New Leader At AAU Seen Likely To Be Boon For Science

Cornelius J. Pings, due to become president of the Association of American Universities (AAU) February 15, will be a strong advocate for university-based basic science, say academic investigators, research administrators, and Washington policy professionals. Fifty-six United States and two Canadian universities with strong research programs constitute the 92-year-old AAU's membership. The institutions, about half public and half private, are represented by their chief executive officers. Base

Franklin Hoke
Nov 22, 1992
Cornelius J. Pings, due to become president of the Association of American Universities (AAU) February 15, will be a strong advocate for university-based basic science, say academic investigators, research administrators, and Washington policy professionals.

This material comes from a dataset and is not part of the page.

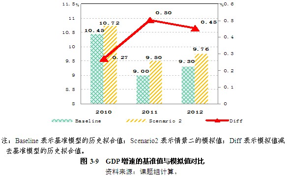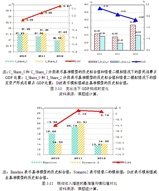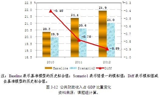 第三,得益于居民消費(fèi)需求的擴(kuò)大以及經(jīng)濟(jì)增長的加快,企業(yè)自籌投資增速相較基準(zhǔn)模擬水平也有所提高。同時(shí),稅收收入增速也逐漸加快。與基準(zhǔn)模型的歷史擬合值相比,在2010-2012年期間,稅收收入增速先降低3.98百分點(diǎn),之后提高1.12、0.78個(gè)百分點(diǎn)(圖3-11)。財(cái)政總收入占GDP的比重分別下降0.4、0.78和0.89個(gè)百分點(diǎn)(圖3-12)。
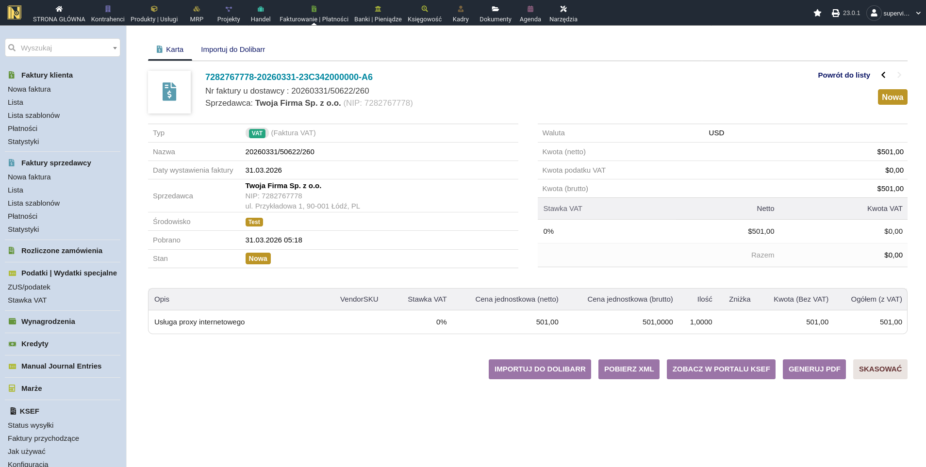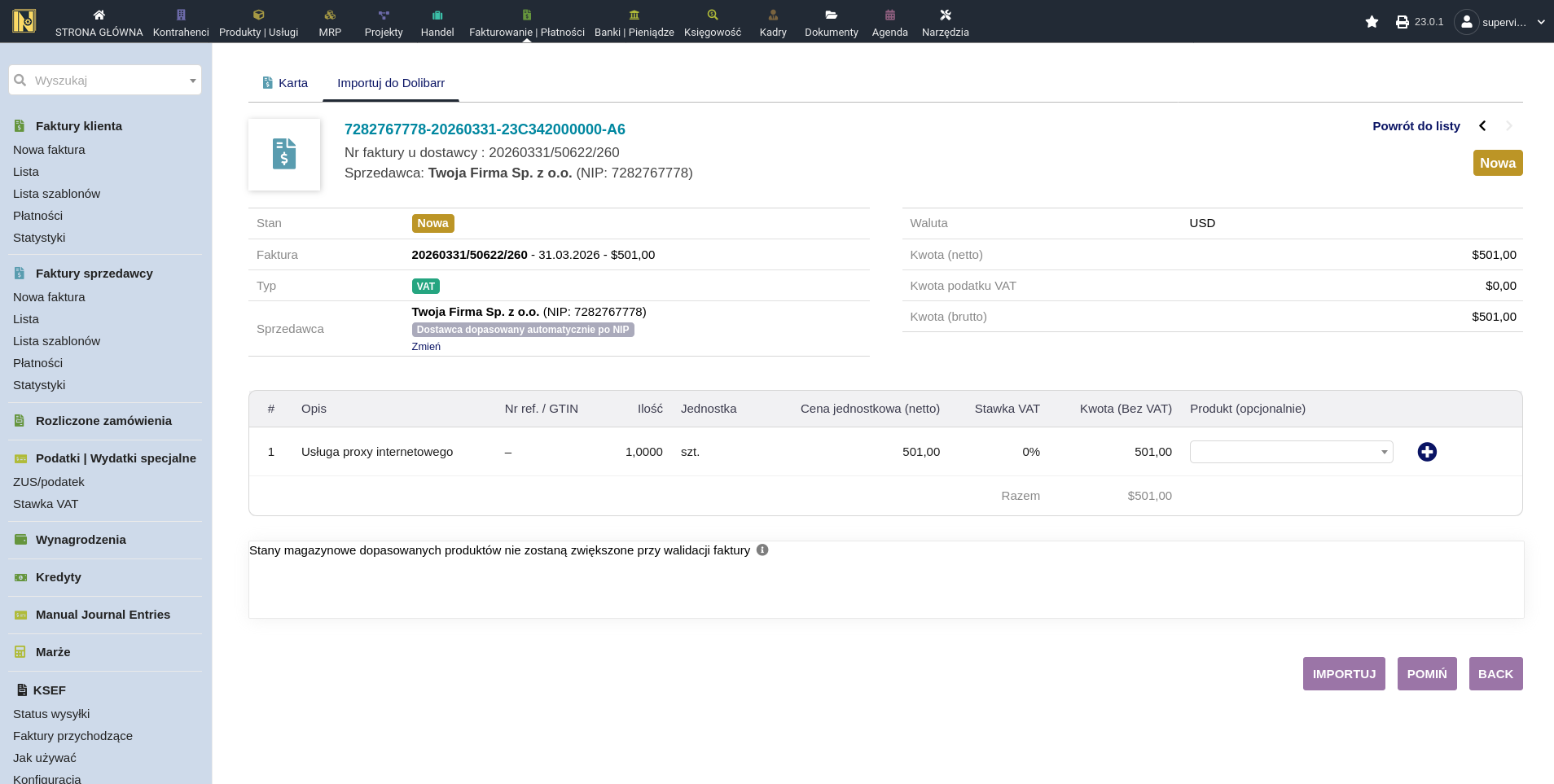 Zaimportowana - pomyślnie zaimportowana jako faktura dostawcy w Dolibarr

Fifty-six United States and two Canadian universities with strong research programs constitute the 92-year-old AAU's membership.

The institutions, about half public and half private, are represented by their chief executive officers. Based in Washington, D.C., AAU exerts considerable influence on government policies toward university research, both through direct lobbying and through respected studies of pivotal issues.

Pings, chosen by AAU's executive committee for a five-year term, is expected to carry forward departing president Robert Rosenzweig's well-regarded 10-year stewardship of the association. Rosenzweig is seen as having successfully refocused AAU's mission as a champion of these universities, substantially enhancing the organization's profile with Congress and the White House.

"The AAU is spoken about sometimes lovingly and sometimes...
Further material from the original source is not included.